Homeowner Choice in Energy Technology Adoption: Combining Psychological Theories and Behavioural Economics in Agent-based Modelling
Cet article présente un modèle à base d'agents qui intègre des théories psychologiques et l'économie comportementale pour simuler l'adoption de technologies énergétiques par les propriétaires, démontrant, à travers une étude de cas à Kiel, en Allemagne, que les interventions sur les réseaux sociaux peuvent surmonter efficacement les barrières à l'adoption là où les incitations financières seules pourraient échouer.
Article original sous licence CC BY 4.0 (https://creativecommons.org/licenses/by/4.0/). Ceci est une explication générée par l'IA de l'article ci-dessous. Elle n'a pas été rédigée ni approuvée par les auteurs. Pour une précision technique, consultez l'article original. Lire la clause de non-responsabilité complète
Imaginez que vous essayez de comprendre pourquoi les gens prennent les grandes et effrayantes décisions qu'ils prennent. Est-ce seulement une question de mathématiques ? S'assoient-ils avec une calculatrice, additionnent-ils chaque centime, et choisissent-ils l'option la moins chère et la plus efficace ? Ou est-ce plus désordonné ? Ce document vit dans le monde de la Modélisation à Base d'Agents (MBA), une façon sophistiquée de dire « simulation informatique d'une foule ». Au lieu de deviner ce qu'une ville entière fera, les scientifiques construisent une ville virtuelle remplie de personnes numériques (agents) et observent comment elles interagissent.
Pour comprendre cette étude, vous devez connaître deux idées principales. Premièrement, la Rationalité Limitée. C'est l'idée que les humains ne sont pas des robots parfaits. Nous n'avons pas un temps ou une capacité cérébrale infini pour vérifier chaque option. Au lieu de cela, nous sommes submergés, nous devinons, et nous nous contentons de quelque chose de « suffisamment bon » plutôt que de l'absolument meilleur. Deuxièmement, il y a la Théorie du Comportement Planifié, qui suggère que nos choix ne sont pas seulement une question d'argent. Ils sont un bras de fer entre ce que nous aimons personnellement (Attitude), ce que nous pensons que les autres attendent de nous (Normes Sociales), et si nous pensons pouvoir réellement y parvenir (Contrôle Perçu).

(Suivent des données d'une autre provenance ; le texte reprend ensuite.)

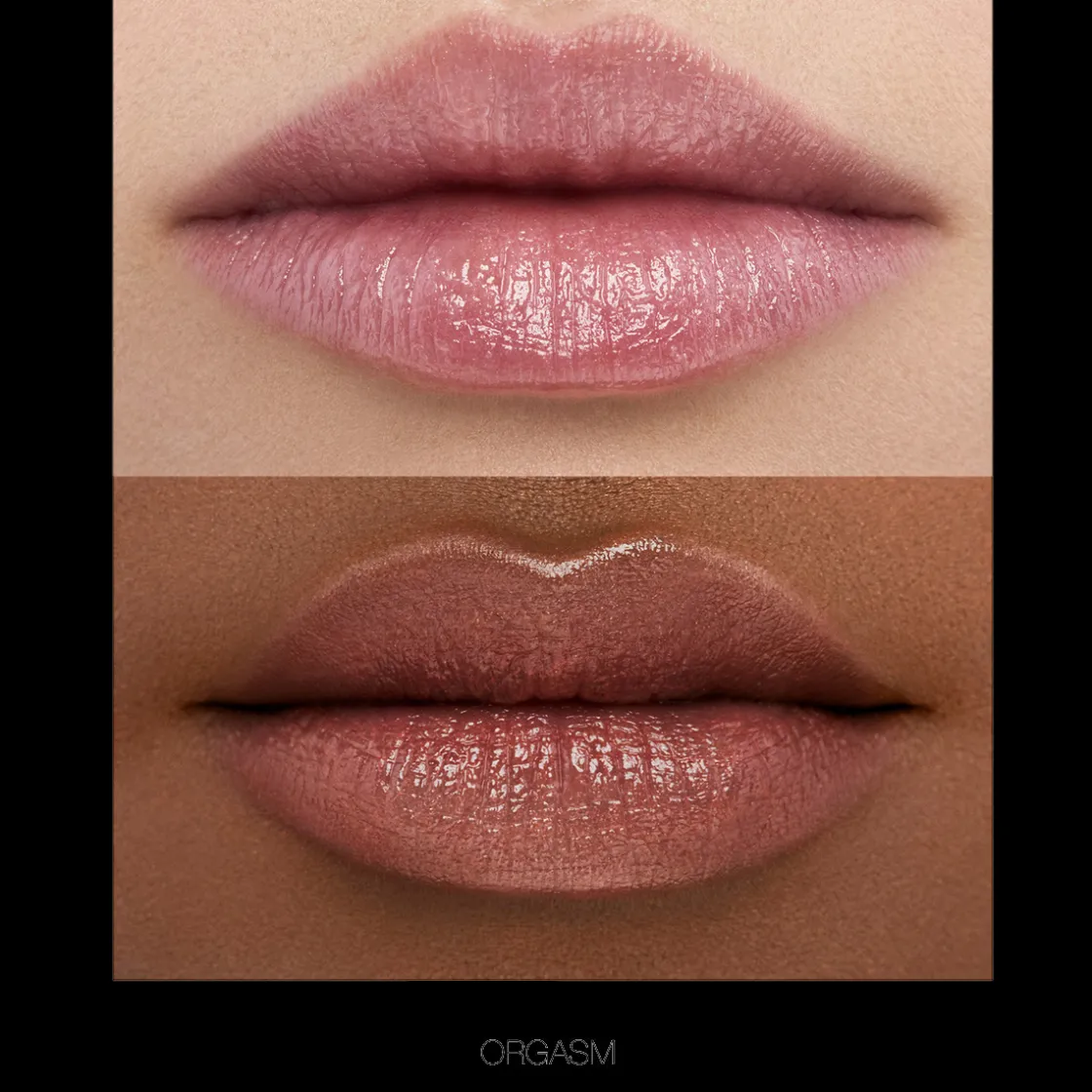 Breng Illuminating Loose Powder aan over Orgasm Afterglow Lip Balm voor een goudkleurige glans.

Pourquoi est-ce important ? Parce que le monde essaie de passer à l'énergie propre, comme remplacer les vieux systèmes de chauffage sales par de nouvelles pompes à chaleur sophistiquées. Mais les gens sont lents à changer. Si nous voulons sauver le climat, nous devons comprendre pourquoi les propriétaires hésitent. Est-ce parce qu'ils sont fauchés ? Ou parce que leurs voisins pensent que c'est une mauvaise idée ? Ce document tente de construire un cristal de prédiction numérique pour répondre à ces questions.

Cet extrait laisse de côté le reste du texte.